## To do
The entire listing below is to be written out exactly, minus the pictures.

## Source records

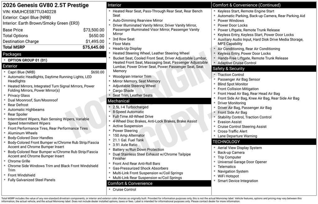 New 2026 GV80 2.5T Prestige AWD
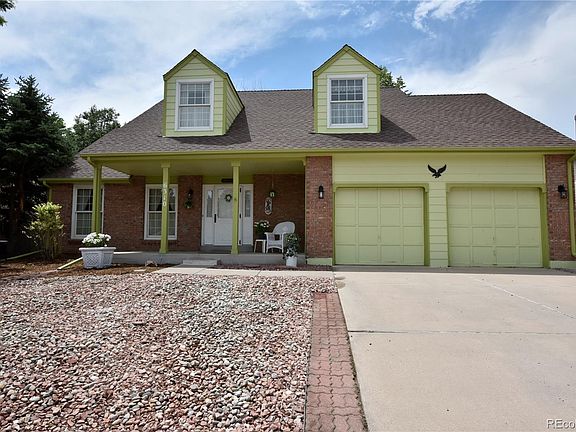 Lots of charm in this well-maintained home in School District 20. Close to shopping, grocery, schools, hiking, and 2-min drive to the I-25 on-ramp. Large covered porch to enjoy summer days. Hardwood floor entry opens to formal living room. Open concept kitchen leads to cozy family room with wood fireplace, guest bathroom, and walkout to patio and yard. Crown molding throughout main floor. Updated kitchen counters, new hardware, new faucet, new lighting, & new dishwasher. Three large bedrooms on upper level include sitting areas, and master includes a private deck. Guest suite in basement. New flooring in bathrooms. Plenty of storage and cabinets throughout. One-year home warranty included. Kitchen and yard is ready for your personal touches.
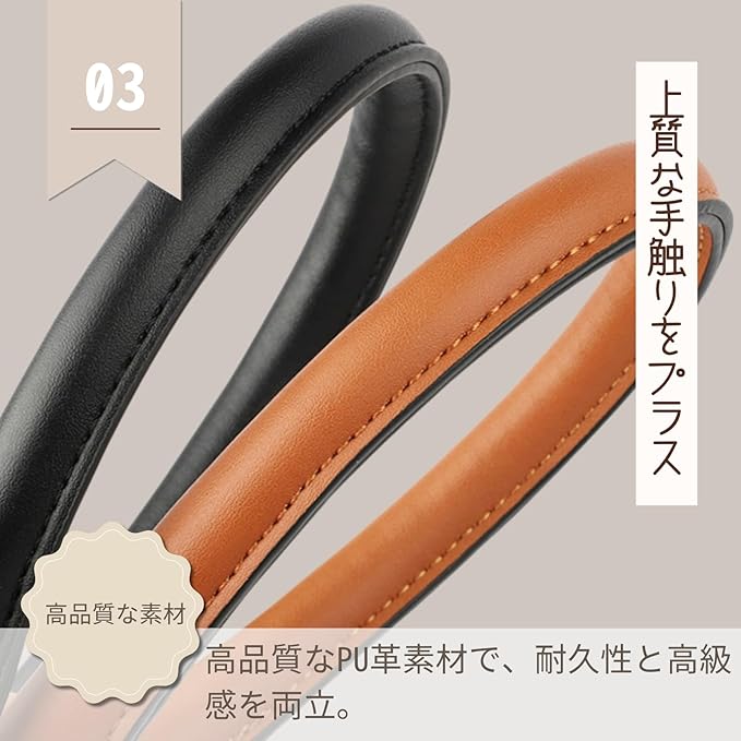 【高品質な素材】PUレザーを使用しており、本革に近い質感を持ちながらも耐久性が高く、長期間の使用に耐えます。頻繁に使用するバッグの持ち手を強化し、耐荷重性を高めることができます。
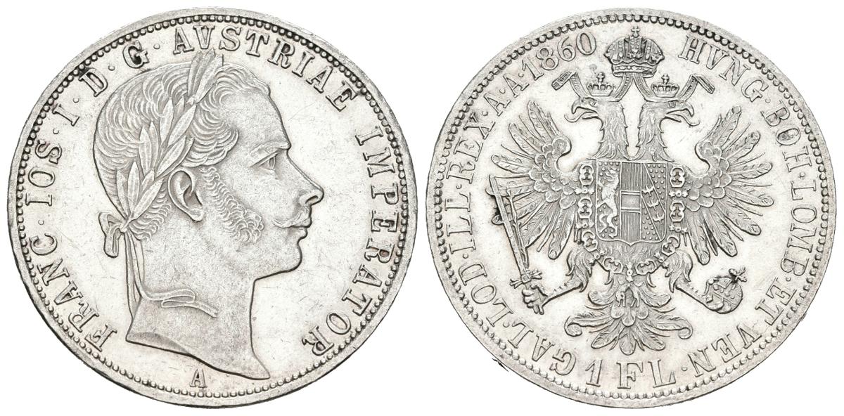 AUSTRIA. 1 Florín (Ar. 12,34g/29mm). 1860. Francisco José I. Viena A. (Km#2219). EBC. Leves marquitas.
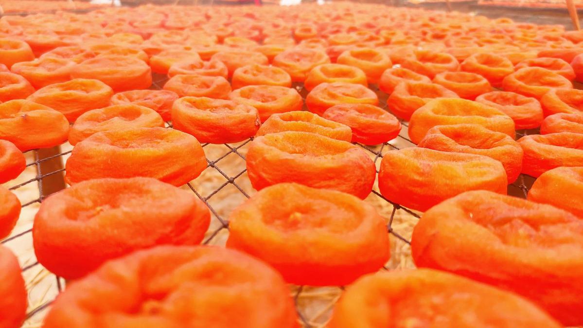 “每年秋收一结束,全家就围着柿饼转!”徐满娣笑着说,从挑拣饱满鲜柿、小心削皮,到反复摆晒、轻柔翻揉,再到密封捂霜等,一套工序下来要近1个月的时间。“这活急不得,每一步都得用心,你看这柿饼,底色深红、圆润饱满,咬一口软糯香甜,这都是晒出来的好味道。”

## Exercise output
 New 2026 GV80 2.5T Prestige AWD
 Lots of charm in this well-maintained home in School District 20. Close to shopping, grocery, schools, hiking, and 2-min drive to the I-25 on-ramp. Large covered porch to enjoy summer days. Hardwood floor entry opens to formal living room. Open concept kitchen leads to cozy family room with wood fireplace, guest bathroom, and walkout to patio and yard. Crown molding throughout main floor. Updated kitchen counters, new hardware, new faucet, new lighting, & new dishwasher. Three large bedrooms on upper level include sitting areas, and master includes a private deck. Guest suite in basement. New flooring in bathrooms. Plenty of storage and cabinets throughout. One-year home warranty included. Kitchen and yard is ready for your personal touches.
 【高品質な素材】PUレザーを使用しており、本革に近い質感を持ちながらも耐久性が高く、長期間の使用に耐えます。頻繁に使用するバッグの持ち手を強化し、耐荷重性を高めることができます。
 AUSTRIA. 1 Florín (Ar. 12,34g/29mm). 1860. Francisco José I. Viena A. (Km#2219). EBC. Leves marquitas.
 “每年秋收一结束,全家就围着柿饼转!”徐满娣笑着说,从挑拣饱满鲜柿、小心削皮,到反复摆晒、轻柔翻揉,再到密封捂霜等,一套工序下来要近1个月的时间。“这活急不得,每一步都得用心,你看这柿饼,底色深红、圆润饱满,咬一口软糯香甜,这都是晒出来的好味道。”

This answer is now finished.